The study published today suggests the need to revisit regulations requiring methadone to be administered only in specialized clinics. McCarty noted that allowing methadone to be administered and dispensed in primary care clinics will reduce hefty transportation costs currently paid by Medicaid while also greatly improving access and convenience for patients with addiction.

“If you’re on the coast and you have to drive to a methadone clinic in Roseburg, that’s a two-hour drive,” McCarty said.

McCarty and Chou found 18 studies of methadone completed in office-based settings such as primary care, and that patients in those settings had better treatment retention rates and greater satisfaction compared to patients who received care in opioid treatment programs. However, their study was limited by the fact that only highly stable patients were recruited to participate in these studies.

It remains to be seen whether it would work for all patients.

“We don’t know, because nobody’s tried it,” McCarty said. “Some patients stabilize very quickly. They have a job, they have a family and their life is in pretty good order.”

The nation’s opioid epidemic has worsened during the pandemic.

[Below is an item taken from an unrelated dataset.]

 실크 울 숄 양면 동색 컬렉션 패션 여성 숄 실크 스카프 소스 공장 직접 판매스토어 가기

Provisional data from the U.S. Centers of Disease Control and Prevention found the number of drug overdose deaths in the United States exceeded 90,000 for the calendar year that ended in December, up 29% from the previous year.

The OHSU research was supported by Arnold Ventures, which contracted with McCarty and Chou to conduct a broad review of methadone policy research with recommendations for changes in federal regulations.

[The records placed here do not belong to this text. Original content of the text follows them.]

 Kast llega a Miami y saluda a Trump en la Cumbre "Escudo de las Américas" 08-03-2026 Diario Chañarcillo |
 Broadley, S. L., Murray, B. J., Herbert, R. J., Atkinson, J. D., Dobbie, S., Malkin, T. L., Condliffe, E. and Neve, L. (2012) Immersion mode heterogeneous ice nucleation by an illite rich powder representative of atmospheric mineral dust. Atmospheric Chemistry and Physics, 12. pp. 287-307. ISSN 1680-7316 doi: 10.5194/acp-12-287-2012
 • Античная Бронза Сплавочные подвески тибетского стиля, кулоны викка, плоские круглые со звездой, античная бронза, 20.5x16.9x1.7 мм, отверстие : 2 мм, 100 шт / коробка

The work culminated in five publications, including the one published today in the American Journey of Psychiatry.

Each study generally suggested easing access to methadone:

  • Interim methadone: Federal regulations require patients to be assigned to a counselor at the initiation of methadone treatment, with an exception granted for clinics with a full caseload. They found six studies that consistently found that patients treated through this exception found quicker access to medication, decreased drug use, enhanced retention and better outcomes than those forced to wait. Published online in the journal Drug and Alcohol Dependence.
  • Mobile methadone medication units: In a study published online in the Journal of Substance Abuse Treatment, researchers found only four poorly controlled studies regarding the effectiveness of mobile medication units allowed by the U.S. Drug Enforcement Administration to administer and dispense methadone in rural communities and other underserved locations. They conclude that new regulations should create opportunities for more research and economic analysis of mobile services, which do appear to improve access to people living in rural areas, living with housing instability and having more severe cases of opioid use disorder.
  • Adolescents and young adults: An OHSU review in the Journal of Addiction Medicine found that access to mediations for opioid use disorder increased with age, and that federal regulations should be reviewed to encourage development of age-appropriate services for younger people with opioid use disorder.
  • Telemedicine: With the onset of the COVID-19 pandemic, federal authorities loosened regulations to allow treatment programs to use telehealth services. OHSU’s review of studies conducted to date suggest that telemedicine outcomes were comparable to in-person care, and that access to telemedicine care should become routine in opioid treatment programs and in primary care settings.